Agirpouringrid.com - Paris - 02/01/08
Fiasco de l’opération Emanuel
Après plusieurs jours d’une attente interminable, la nouvelle est tombée hier matin : "pour des raisons de sécurité" les FARC n’ont pas revelé leur lieu d’echange.
Prévue jeudi dernier [le 27 décembre], l’opération, baptisée "Operation Emanuel", de récupération des otages a été reportée de jour en jour, les guérilleros n’ayant pas fait savoir où les hélicoptères envoyés en Colombie par Hugo Chavez pourraient les prendre en charge.
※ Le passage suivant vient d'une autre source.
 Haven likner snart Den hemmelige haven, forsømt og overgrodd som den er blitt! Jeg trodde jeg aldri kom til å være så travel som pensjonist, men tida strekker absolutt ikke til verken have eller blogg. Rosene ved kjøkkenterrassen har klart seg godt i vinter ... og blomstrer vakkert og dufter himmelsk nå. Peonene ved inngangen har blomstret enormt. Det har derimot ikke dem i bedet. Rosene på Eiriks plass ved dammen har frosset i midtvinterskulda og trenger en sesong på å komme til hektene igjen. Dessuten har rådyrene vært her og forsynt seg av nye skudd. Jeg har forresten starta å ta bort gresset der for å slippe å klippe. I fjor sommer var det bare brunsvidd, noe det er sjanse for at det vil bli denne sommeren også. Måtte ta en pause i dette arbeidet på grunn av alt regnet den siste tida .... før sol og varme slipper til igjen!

Ces avions, sous les couleurs du Comité International de la Croix Rouge, sont donc restés sur le tarmac de Villavicienco, en vain.
Après des jours d’attente, les otages n’ont pas été libérés et la délégation internationale composée de représentants de sept pays (Argentine, Equateur, Cuba, Bolivie, Brésil, France et Suisse) a quitté lundi soir l’aéroport de Villavicencio en Colombie.
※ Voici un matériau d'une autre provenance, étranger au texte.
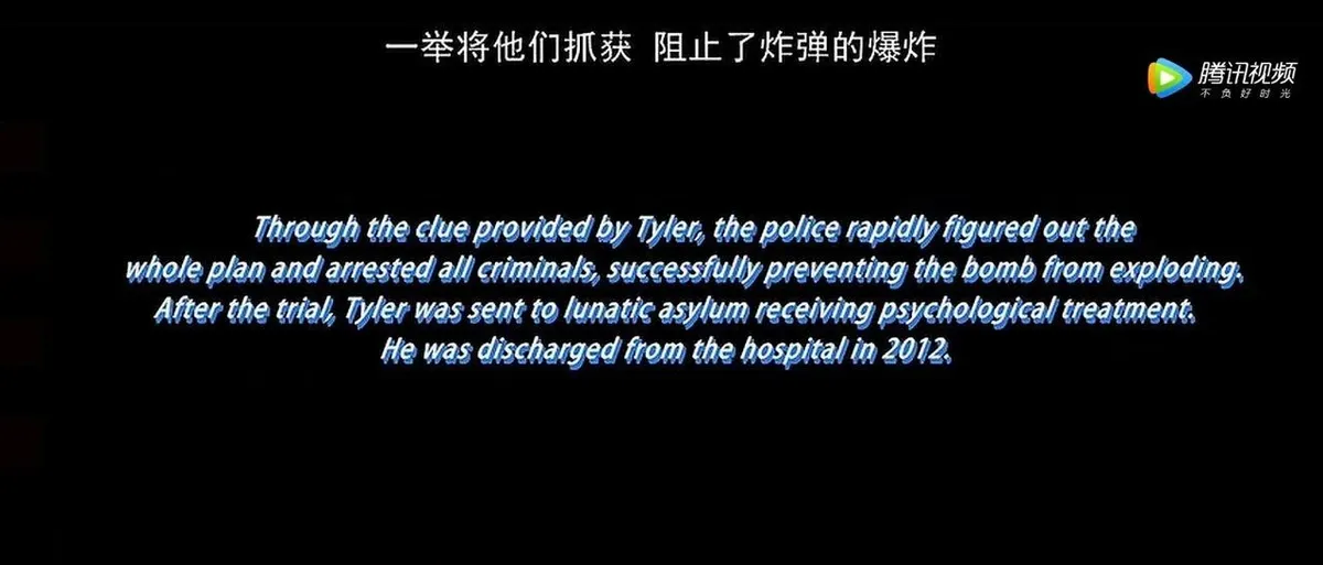 Из китайской версии эту сцену вырезали, а в качестве финала показали титр, в котором говорится, что полиция воспользовалась подсказкой Тайлера и обезвредила бомбу, а главного героя доставили в психиатрическую больницу, откуда он вышел в 2012 году.

La libération des trois otages est "impossible maintenant" pour des raisons de sécurité, a expliqué la guérilla colombienne dans un message reçu par Hugo Chavez. Elle a accusé le gouvernement colombien de mener des opérations militaires dans la région.
"Monsieur le Président, les intenses opérations militaires qui se déroulent dans la zone nous empêchent pour l’instant de vous remettre Clara Rojas, Emmanuel et Gonzalez de Perdomo, comme c’était notre souhait", selon le message daté du 30 décembre et lu lundi par M. Chavez.
L’espoir est donc retombé pour les familles.
Le Mystère Emanuel
A peine l’operation Emanuel avortée, le président Uribe, a fortement accusé les FARC d’avoir trompé le monde en promettant la liberation d’un enfant qui ne serait plus entre leurs mains.
En effet, Alvaro Uribe, affirme que le petit Emanuel pourrait en fait être le petit Juan David Gomez, un enfant placé dans une famille d’accueil en 2005.
Selon le président colombien, le 16 juin 2005, un homme se présentant comme le grand-oncle de l’enfant aurait remis à l’hôpital de San José del Guaviare, ville amazonienne de l’Est colombien, un enfant aux yeux clairs de 11 mois, en bien mauvais état.
Il serait né le 20 juillet 2004 de père inconnu, et de mère déclarée disparue. Le 22 juin 2005, l’hôpital l’aurait remis à l’institut colombien d’aide à l’enfance, qui décrit un enfant mal nourri, souffrant de paludisme et de leishmaniose, au bras gauche paralysé par une fracture mal soignée.
Or, selon John Frank Pinchao, Emmanuel aurait eu le bras cassé à sa naissance, dans les pénibles conditions de captivité dans la jungle.
Des tests ADN seront effectués dans les prochains jours auprès des proches de Clara Rojas.